Put it this way: If the Democrats gain only five rather than six Senate seats this November, Senator James Inhofe, who says that global warming is “the greatest hoax ever perpetrated on the American people,” will remain in his current position as chairman of the Senate Environment and Public Works Committee. And if that happens, the Sierra Club may well bear some of the responsibility.
Perhaps I’ve already blockquoted more than the Fair Use Doctrine allows, but it would be a worse transgression not to include Krugman’s final paragraph:
The fact is that in 1994, the year when radical Republicans took control both of Congress and of their own party, things fell apart, and the center did not hold. Now we’re living in an age of one-letter politics, in which a politician’s partisan affiliation is almost always far more important than his or her personal beliefs. And those who refuse to recognize this reality end up being useful idiots for those, like President Bush, who have been consistently ruthless in their partisanship.

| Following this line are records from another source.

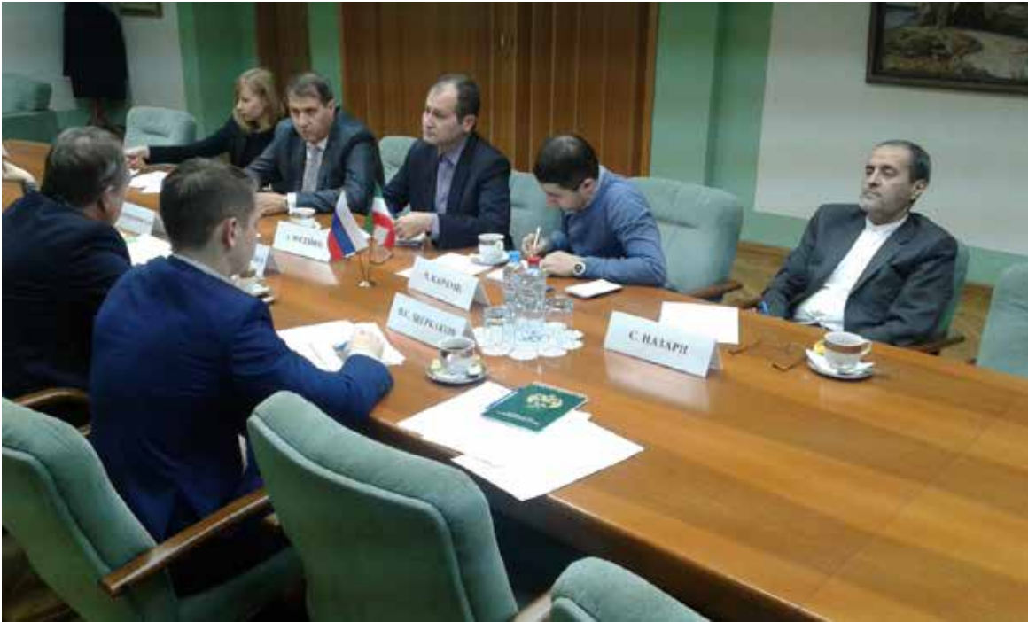
دیدار نماینده گمرک و نماینده سفارت ایران با مقامات گمرک و اتاق بازرگانی روسیه در مسکو

افزایش مناسبات ایران و روسیه این گزارش حاکی است مقامات شرکت کننده در این کنفرانس ابراز امیدواری کردند که با توجه به زمینه‌ها و شرایط مساعد فعلی حجم تعاملات اقتصادی، تجاری و دانشگاهی بین ایران و منطقه قفقاز شمالی به تبع آن سهم مناسبات بین مناطق ایران و روسیه افزایش یابد. ایران و قفقاز از طریق گرجستان و بندر ماخاچ قلعه مرکز جمهوری داغستان روسیه به یکدیگر متصل می‌شوند. لازم به ذکر است که در حاشیه این کنفرانس نمایندگان شرکت‌های ایرانی و روسی برای معرفی تولیدات و خدمات خود در جلسه‌ای با حضور نمایندگان سازمان‌های دولتی دو کشور دیدار و گفت‌وگو کردند.
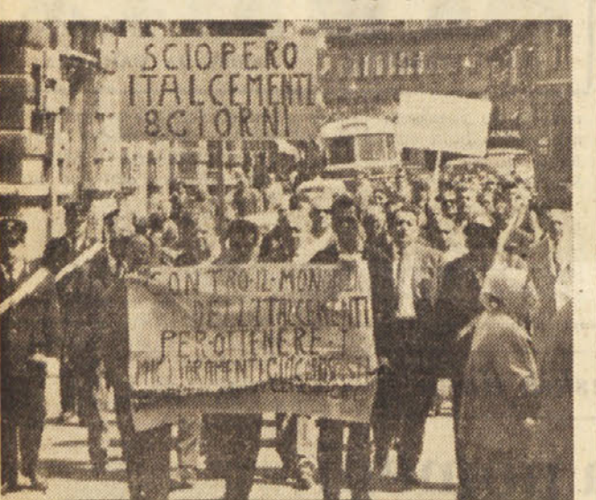
Ko so stavkajoči delavci Italcementi manifestirali po mestu, jih je prebivalstvo povsod pozdravljalo

Izletnike «Primorskega dnevnika» v Dalmacijo obveščamo: Danes popoldne ob 15. do 19. ure lahko dvignete bone, vozovnice in navodila za naš izlet v Dalmacijo, in sicer v Ul. Montecchi 6/II. Ce pa danes nimate časa, lahko izjemo dvignete v ponedeljek oziroma v torek med 9. in 13. uro. Izletnike, ki so se vpisali z osebnimi izkaznicami oziroma za skupni potni list, prosimo da prinesejo s sabo tudi 800 lir. Izletnik lahko dvigne bone, vozovnice in navodila tudi za svoje sosačane ali kolege, če je za to pooblaščen.
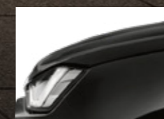
Bavarian Black Mica
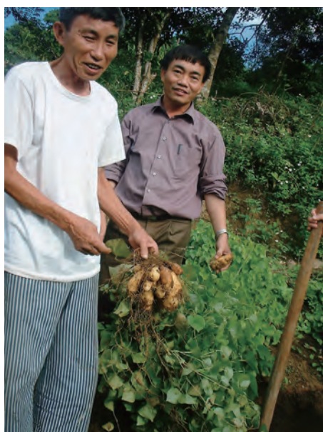
Photo 5. ヤマノイモ類の栽培農 家圃場
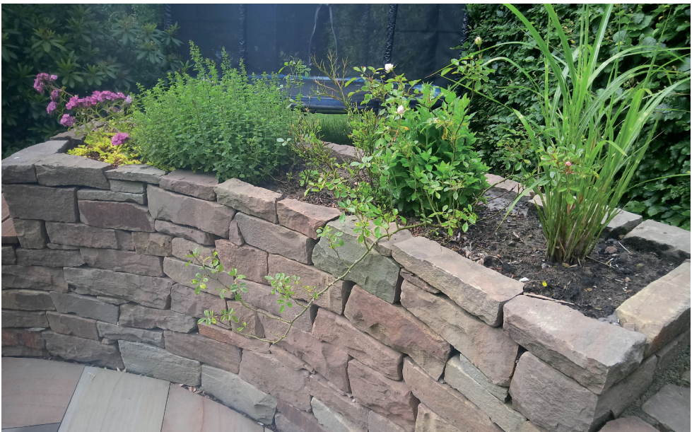
Trockenmauer als Einfassung eines kleinen Hochbeetes.

Eine detaillierte Anleitung für den Bau einer Trockenmauer findet sich in der Broschüre „Bienen, Blüten und Begegnung – Ein Leitfaden zur ökologischen Aufwertung von Dörfern“ die unter https://biostationoberberg.de/downloads.html kostenlos heruntergeladen werden kann.
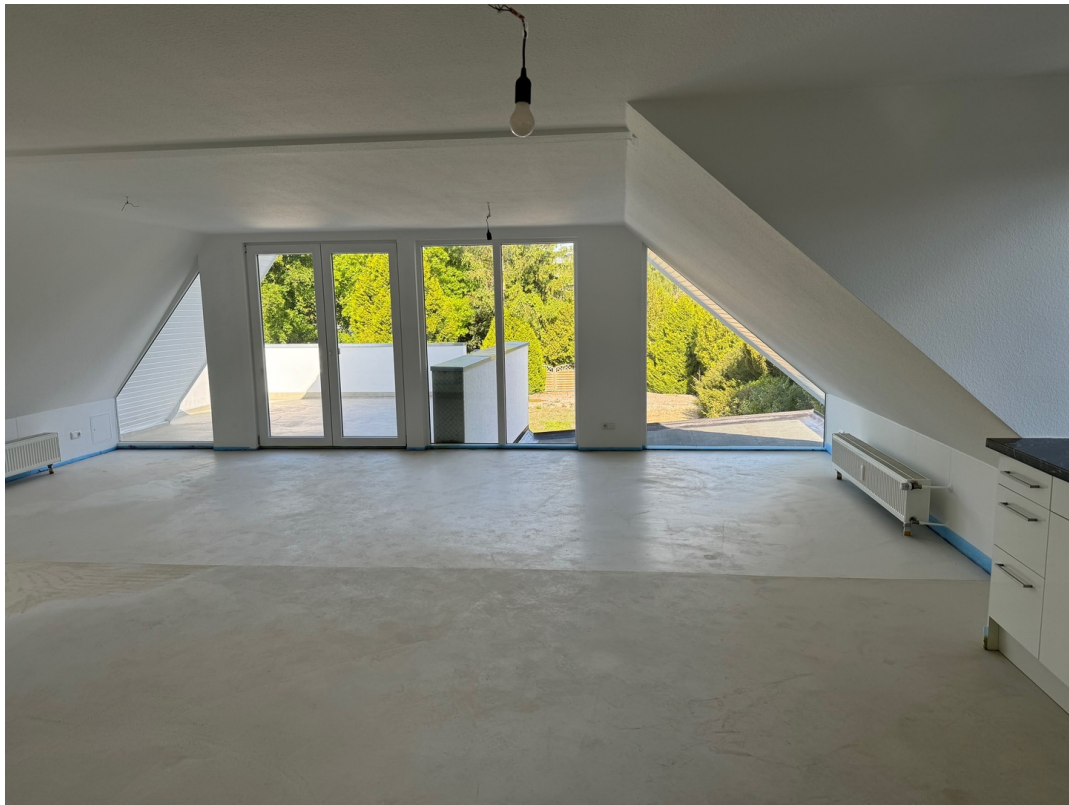
1. OG. Wohnzimmer
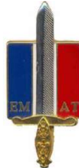
Etat-Major de l'Armée de Terre – Mission de conseil et d'assistance de la Maintenance
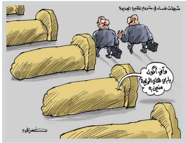
كاريكاتير: خضير الحميري

بعد العنف ضد المرأة أزد مخزجات العادات والتقاليد والقيم المجتمعية، وهو امانة كرامة الانسان وهدر لحقة ان يكون مولدنا حرا بعيدا عن العنف المادي والعموي، وعقبة كبرى في طريق تحقيق المساواة والعدالة، وعلى الرغم من كثرة الشعارات والنشاطات، التي تدعو لإيقاف تلك الممارسة، يبقى العنف مألوساً للمرأة، ولكنها ولدت معه، بل رافقها منذ ولادتها، ولا يخفى ان الكثيرين من مجتمع وآخر، سواء التقدم أو المتخلف، إذ تعاني من قسوة وتعنيف الجسد احرها، سواء علف جسدي أو لفظي أو جنسي أو تقييد لحريةها وحرمانها، لاسيما في المجتمعات ذات الاعراف والعادات الخاطئة التي تميز بين الجنسين. ويحتفي العالم في كل عام باليوم العالمي لمناهضة العنف ضد المرأة في الخامس والعشرين من تشرين الثاني، وهو التاريخ الذي تم اختياره، تزامنا مع اغتيال الناشطات السياسيات الاخوات الثلاث ميرال في جمهورية الدومينيكان، واختيار اللون البرتقالي كشعار، املا في مجتمع خال من انواع العنف، كما انه يعبر عن لون الحركات الاجتماعية والسياسية في معظم الدول ونال قبولاً واسعاً. ويطالغ أغلب المنصفين من العقاب بدواعي غسل العار وقضايا الشرف، ليعودوا لممارسة
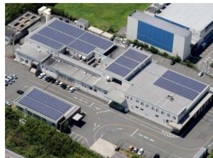
工場屋上のソーラー化
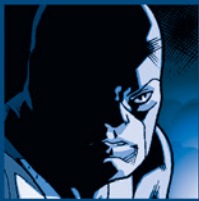
BEAST HANK MCCOY
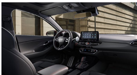
Černý interiér N line Premium – prémiové čalounění v kombinaci kůže/semiš – červeně prošívání sportovní volant, hlavice řadící páky a loketní opěrka
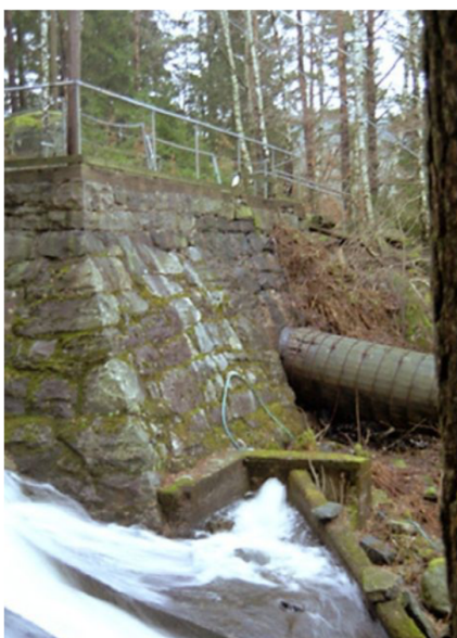
Dämme med vattenränna och tub vid Djupedala vattenkraftverk.
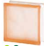
PINK 1919/8 WAVE SAHARA 2S* SAP CODE: 124152 EURO: 12
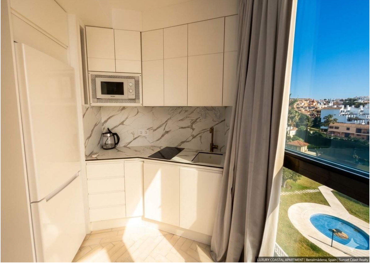
LUXURY COASTAL APARTMENT | Benalmádena, Spain | Sunset Coast Realty
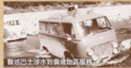
醫巡巴士涉水到偏遠地區服務
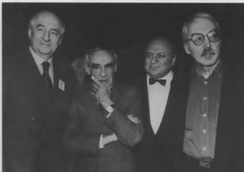
Зиновия Гердта, Михаила Жванецкого, Андрея Битова...
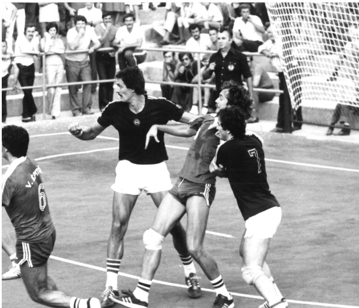
A magyar válogatott is volt vendége az Építőknek egy nyári tornán a pályaavatón
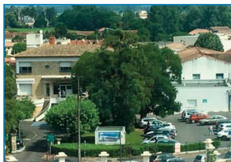
La Clinique, voisine directe de Robert BOULIN

La nouvelle structure prendra la forme d'un GCS établissement de santé de droit privé, permettant ainsi aux acteurs médicaux, soignants et administratifs de la clinique de poursuivre leur exercice dans un cadre identique à celui qu'ils connaissent aujourd'hui. En revanche, l'actionnaire principal en sera le centre hospitalier de Libourne.
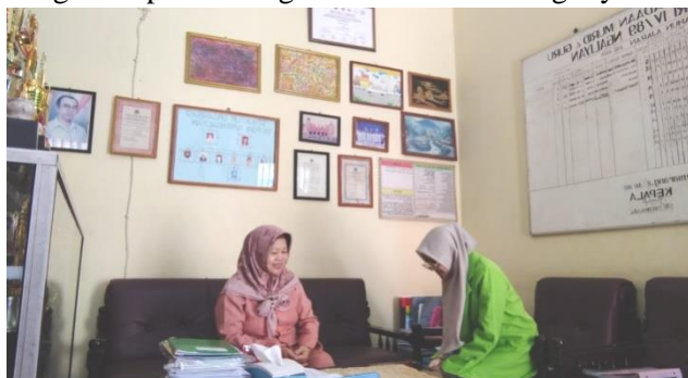
Wawancara dengan kepala sekolah
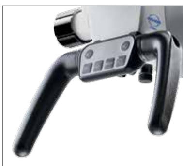
8 Поперечный двойной захват
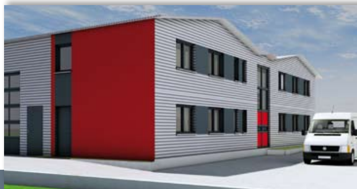
Ansicht hinterer Teil / Bürobereich

nen die Mieter zum Beispiel im Bürohaus Büroflächen ab 70 m 2 mieten oder ein Penthouse, in dem sie arbeiten und/oder wohnen.
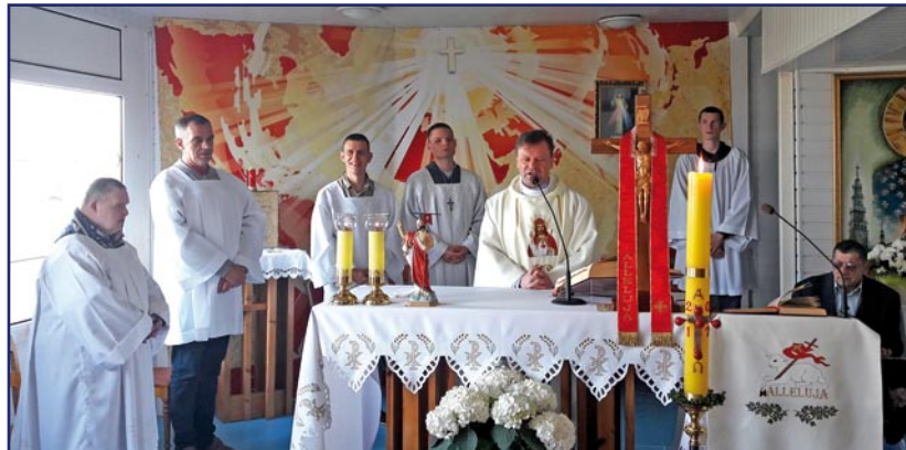
Niepełnosprawni uczestnicy Warsztatu Terapii Zajęciowej w Kwidzynie i mieszkańcy kwidzyńskiego Domu Pomocy Społecznej uczestniczyli w rekolekcjach, które organizuje Dom Zakonny Księża Werbistów.

Niepełnosprawni uczestnicy Warsztatu Terapii Zajęciowej w Kwidzynie i mieszkańcy kwidzyńskiego Domu Pomocy Społecznej uczestniczyli w rekolekcjach, które odbyły się w Krynicy Morskiej. Rekolekcyjne spotkania organizuje Dom Zakonny Księża Werbistów.
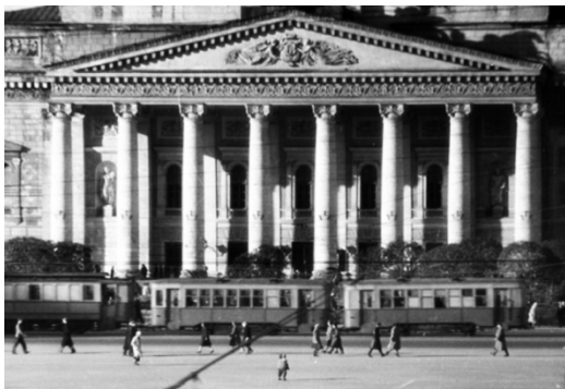
Здание Большого театра (Москва)

1. Волков, С. М. Большой театр. Культура и политика. Новая история / С. М. Волков ; предисл. М. Швыдкого. - Москва : АСТ : Редакция Елены Шубиной, 2018. - 560 с.
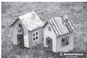
出来上がりイメージ (寸法：約16×12×12cm)
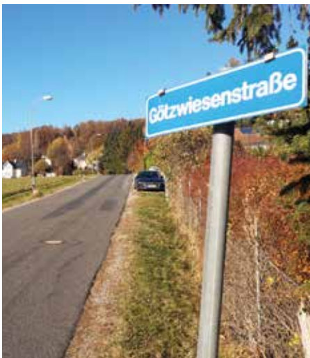
Götzwiesenstraße - noch ohne Gehsteig

Der Gehsteig in der Götzwiesenstraße wird 2023 errichtet und ist
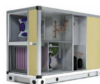
LMF HPR 1200–19 000 м³/ч
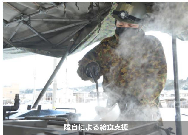
陸自による給食支援
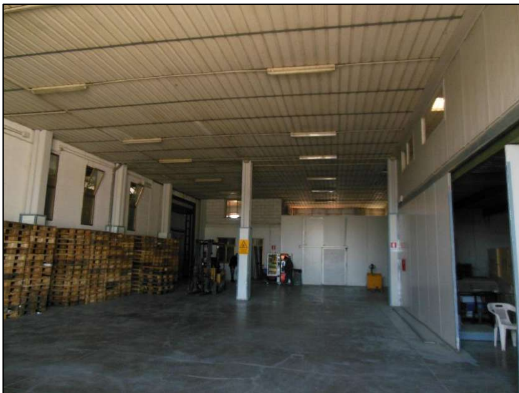
Figura 3: Ambiente destinato a magazzino - Sub. 6
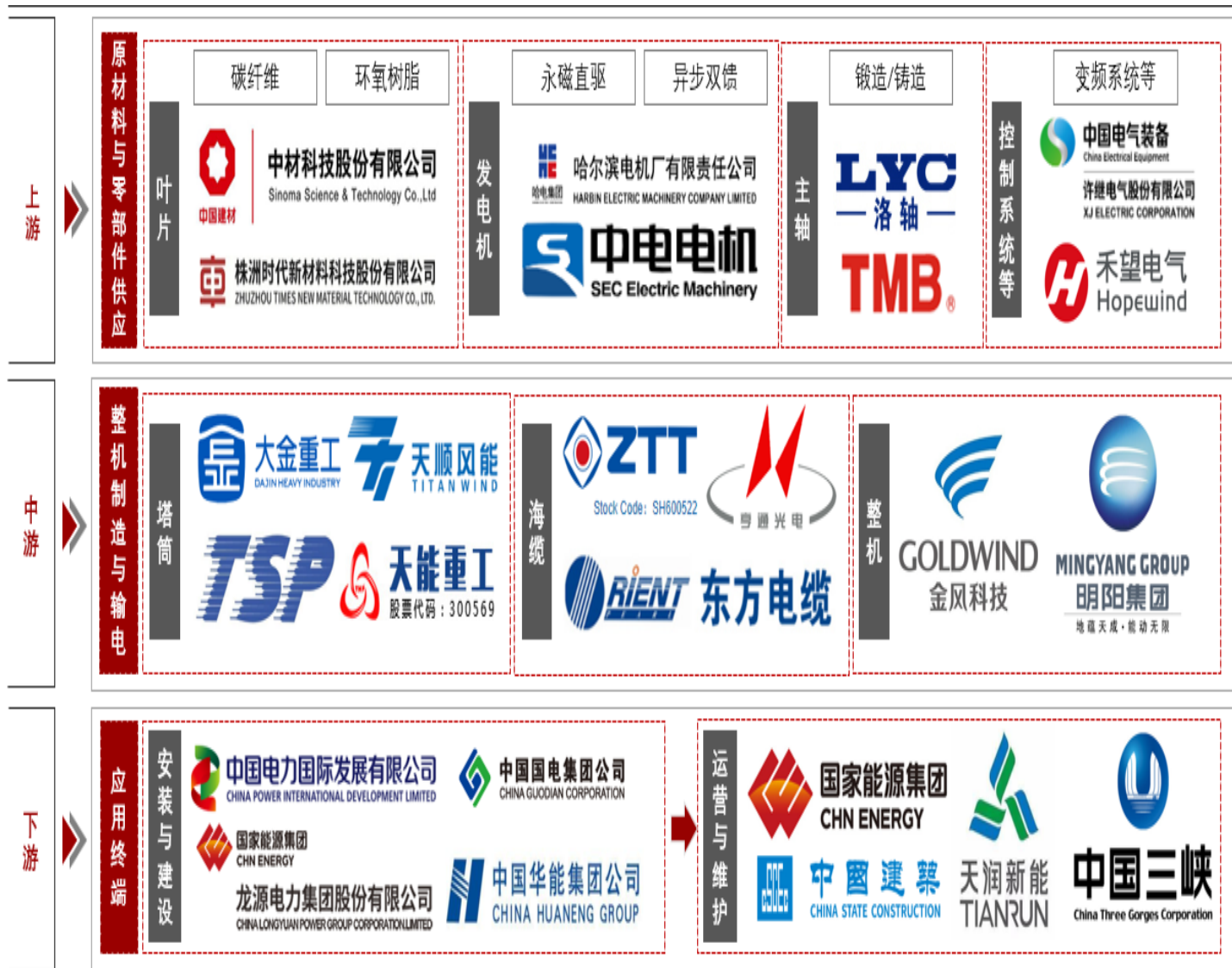
海上风电设备设备产业链图谱

海上风电产业链包括上游的原材料供应（碳纤维、环氧树脂等）；零部件/设备制造（叶片等）、中游的设备制造（塔筒、海缆，整机设计等）和下游的应用终端，包括EPC总成等
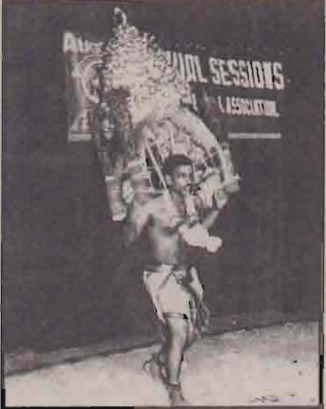
கலாசாரத்தைப் பேணிப் பாதுகாத்துக் கொள்ளமுடியும்.

தமிழர்களின் பூர்வீகக் கலைகள் பலவற்றுக்கும் புத்துயிர் அளிக்கப்பட வேண்டும். இதன் மூலமே தமிழர்
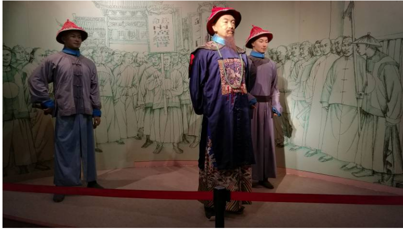
圖 4 林則徐廣東消煙時蠟像
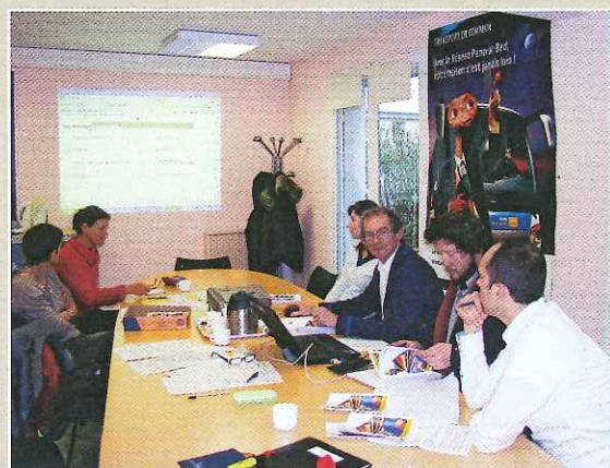
Les « rencontres de la DAPI » au CDAS de Morlaix.
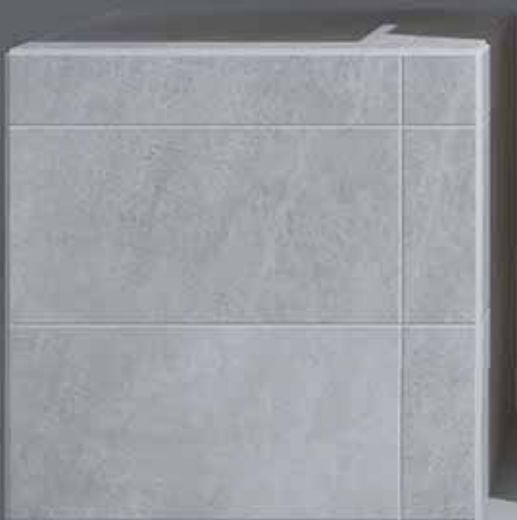
Active ( 25 x 50 cm )
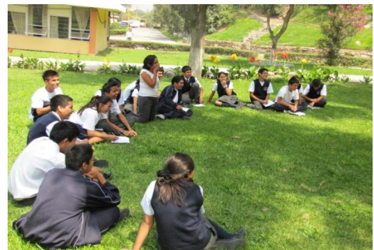
Uso de espacios alternativos para el aprendizaje

I for one do not wish to be a “useful idiot” and that explains why I work so hard to elect Democrats — not because I have any particular allegiance to the Democratic Party, but because I understand it is the only way to enact progressive policies while fending off political attacks from the right. This is the political world we live in, and those who ignore the letter next to a candidate’s name on the ballot are ignoring political reality.
I’m not saying this is a good thing — it’s just the way things are.